La faible attente de succès a également été perçue par des participants qui ont été en classe spéciale du type « cheminement particulier de formation continue », « formation préparatoire au travail » ou « formation à un métier semi-spécialisé ». Ces trois formations ne permettent pas de cheminer au secteur régulier vers l’atteinte du diplôme d’études secondaires. Les élèves ont alors ressenti une impression de « perte de temps ». Simon et Laurence se sont sentis pénalisés dans leurs apprentissages puisqu’ils n’avaient pas les mêmes cours qu’au cheminement régulier. Laurence croit que cela a pu diminuer sa motivation et son envie de poursuivre sa formation. Une déception, voire une frustration, a été rapportée par quelques participants concernant leurs possibilités limitées en emploi, par

la suite. Clément a l’impression, encore aujourd’hui, de faire partie d’une « sous-classe », depuis le moment où il a été intégré dans ces classes.
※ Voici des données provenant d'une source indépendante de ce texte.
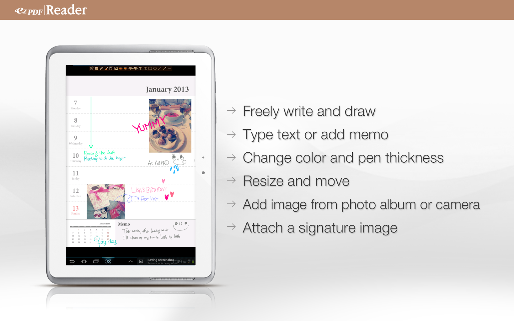 ezPDF Reader is the best selling, best rated and most commented Multimedia and frame-animation PDF viewer, annotator, form filler and paperless solution. This was nominated for the Finalists of 2014 Tabby Awards /Business. http://tabbyawards.com/business/2014-finalists/ ♠ ♣ ♦ ♥ We are currently working on a new set of apps for education. Please check out this video - https://youtu.be/GtvZl9LV124 If you are an educator and interested in testing this solution, please feel free to contact us, android at unidocs.com. Free content App Available from Google Play - https://goo.gl/18fNG8 ● For KITKAT users, ability to write to SD Card has been restricted. Please use the following steps to avoid this restriction. 1. Select "Open from Document Provider" from All PDF tab 2. If you do not see SD card option, go to Settings. Turn on "Display advanced devices" 3. Go to SD card from the option. 4. Open PDF You can also access this from the left side menu while viewing a PDF file. Select from "Open in New Tab" to access multiple PDF files. Guide: http://goo.gl/hH7l08 ● Other Apps 1. "Cup PDF" - PDF Clipping PDF & Share 2. "ezPDF CLEAR" - The world's first Interactive PDF Test Player for education 3. Download "ezPDF Reader G-Drive Plugin" for Google Drive and "ezPDF Reader Widgets" ● More News -. Free Trial version, Search "ezPDF Reader Free Trial" -. Volume License version is available for your organization. -. The license is not transferable for iOS versions or other Android stores. ● App Review "Android Apps for Business: 10 Low-Cost Mobile Tools You Should Know About" by eWeek (http://bit.ly/LJTtEH) "Plenty of PDF readers are available for Android devices, and a number of them are free. But ezPDF is by far the best of the bunch." Daniel A. Begun, author of Amazing Android Apps For Dummies ● Customized Viewing with flipping DUAL PAGE VIEW supported! Scanned and text based PDFs are all supported, including JPEG2000 and JBIG2 compression. Select Text Reflow, Fit to Text Column, Copy and paste text in PDF view and bookmark as you go. ● PDF Form Filler Fill out your PDF form, sign and send via email. ● Multimedia PDF Viewer - Audio, Video, Animation GIF and Read Aloud Plays multimedia files, animated GIF, zipped PNG files embedded into PDF. Use Voice Reading feature to have documents read to you with the continuous automatic page-turning feature. (TTS feature from the device settings) ● Annotation Features on PDF The useful tool to add text in text box and sticky notes; highlight, underline, or strikethrough texts; draw many shapes. Add memo & append images, change color / thickness, resize and move them around as you like. Compatible with Adobe ® Acrobat ®. ● More Features -Form calculations supported -Support ePub -Text View with reflow function. Night/Day Mode, Change font size & color (text and background) -Search (Case sensitive, whole word or part, exact word, and/or operator) and highlighted result -Auto Fit Zoom for multi-column article or removing white margin -Crop / Rotate page -Able to select text in PDF, save to clipboard, web search, share with other apps, check with dictionary (Support ColorDict) -Support hyperlinks (Go to page within the PDF, PDF to PDF, URL links to webpage) -Open Standard Password-protected PDF -Intuitive bookmarking & viewing bookmarks with its description and ribbon & thumbnail image -Auto Page Turn (secs) or Auto Scroll (up a screen full) -Table of Contents -Thumbnail scroll images -Jump to a specific Page No. -Change reading direction - Arabic, Chinese, Japanese & Hebrew -Page Turning Effect Tap Options -5-point-tap : Annotation Toolbar -4-point-tap : Notification Bar -3-point-tap : PDF ←→ Text Reflow -2-point-tap : Reduces the page to fit the width when enlarged -1-point-tap : Menu

Pour Jasmine, avoir intégré une classe spéciale a d’abord été une déception puisqu’elle voulait paraitre « normale » :

J’étais comme, ok j’ai regardé les élèves et je me disais, mon dieu qu’est-ce que je fais là ? Pourquoi je me suis ramassée là ? J’étais un peu désespérée en fait. Je me suis dit, est-ce que je vais être pognée dans des classes de même tout mon secondaire, sérieusement ? (...) J’étais juste contente de retourner au régulier, de me dire je suis normale finalement. Au moins, j’étais heureuse d’être avec des gens normaux ou presque normaux. Jasmine

L’étiquetage des élèves qui fréquentent ces classes spéciales est aussi perçu par ceux qui ne les ont jamais intégrés. Ces participants se montrent heureux de ne pas avoir fait partie des classes spéciales, de ne pas avoir été « voués à ne pas être bon », ni d’avoir été catégorisés par les autres élèves. C’est le cas d’Anna qui croit peu au potentiel de ces classes :

Moi, j’y crois pas à ces classes adaptées là. Je ne sais pas pourquoi, mais je sens qu’on fait juste leur faire croire qu’ils vont aller plus loin qu’ils le peuvent.